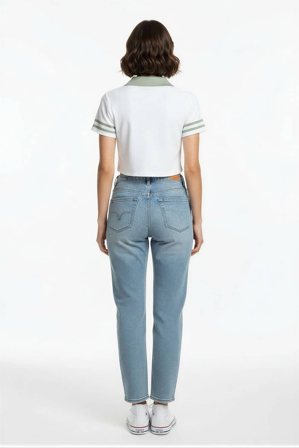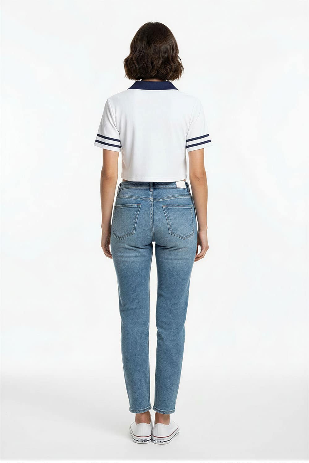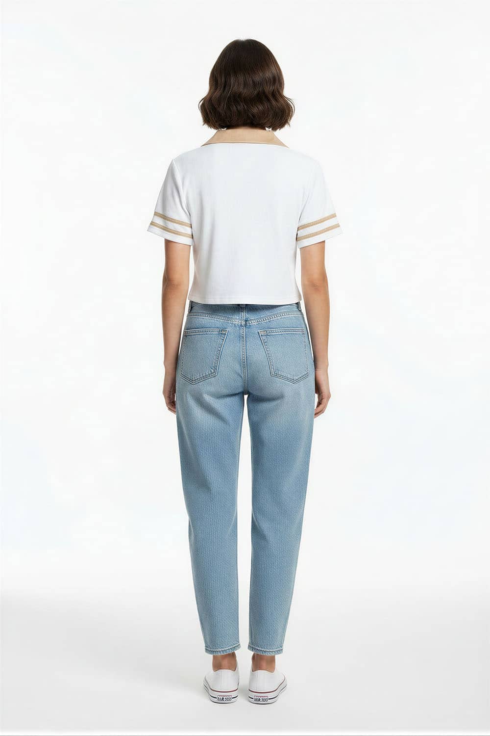 Playera tipo polo de corte corto con ajuste al cuerpo, cuello camisero con acabado en contraste que aporta estructura, manga corta con terminación ajustada que brinda comodidad, confección en tejido suave con ligera elasticidad que favorece el movimiento, detalle aplicado al frente que agrega un toque distintivo en la prenda
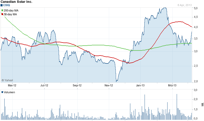 Aber auch sehr schön die Entwicklung von Canadian Solar, die heute sogar zurück uber die 50-MA gesprungen sind und ein sehr gesundes Chartbild gehalten haben, nachdem Suntech, Trina, Yingli und Co ziemlich abgeschmiert waren. Ich nehme an, das liegt am vergleichsweise weit entwickelten Projektgeschäft.
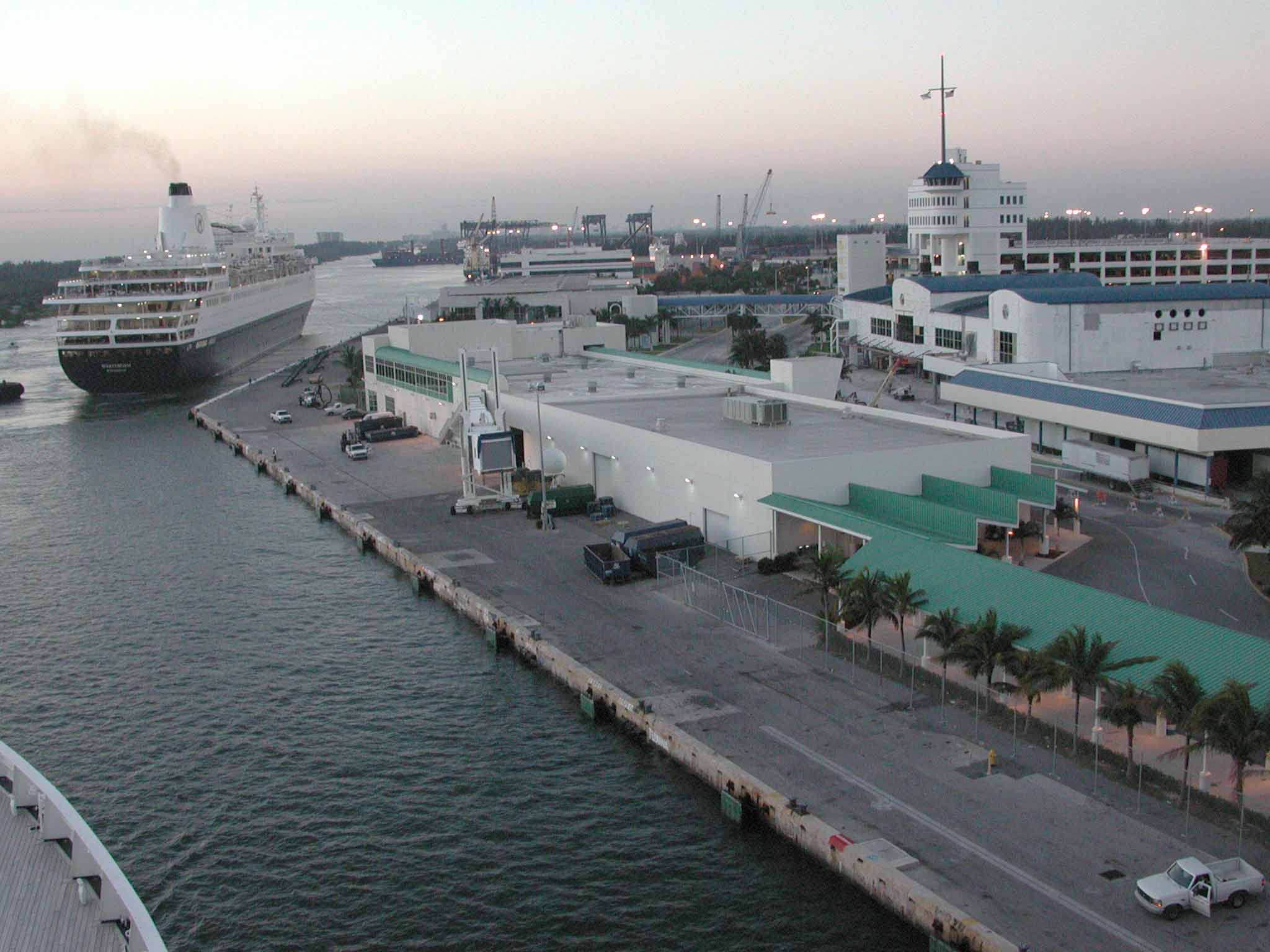 As the morning sun came up behind us, we pulled into Port Everglades and watched as our ship docked behind her sister ship, the m/s Westerdam.
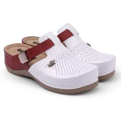 Saboti medicali, de dama, din piele, alb/bordo, Leon 901 | Saboti dama | Incălțăminte și saboți medicali | medicmag.ro

====

Goal of the exercise: The answer must be the full listing above, copied exactly, with no pictures in it.

Output below:
 Playera tipo polo de corte corto con ajuste al cuerpo, cuello camisero con acabado en contraste que aporta estructura, manga corta con terminación ajustada que brinda comodidad, confección en tejido suave con ligera elasticidad que favorece el movimiento, detalle aplicado al frente que agrega un toque distintivo en la prenda
 Aber auch sehr schön die Entwicklung von Canadian Solar, die heute sogar zurück uber die 50-MA gesprungen sind und ein sehr gesundes Chartbild gehalten haben, nachdem Suntech, Trina, Yingli und Co ziemlich abgeschmiert waren. Ich nehme an, das liegt am vergleichsweise weit entwickelten Projektgeschäft.
 As the morning sun came up behind us, we pulled into Port Everglades and watched as our ship docked behind her sister ship, the m/s Westerdam.
 Saboti medicali, de dama, din piele, alb/bordo, Leon 901 | Saboti dama | Incălțăminte și saboți medicali | medicmag.ro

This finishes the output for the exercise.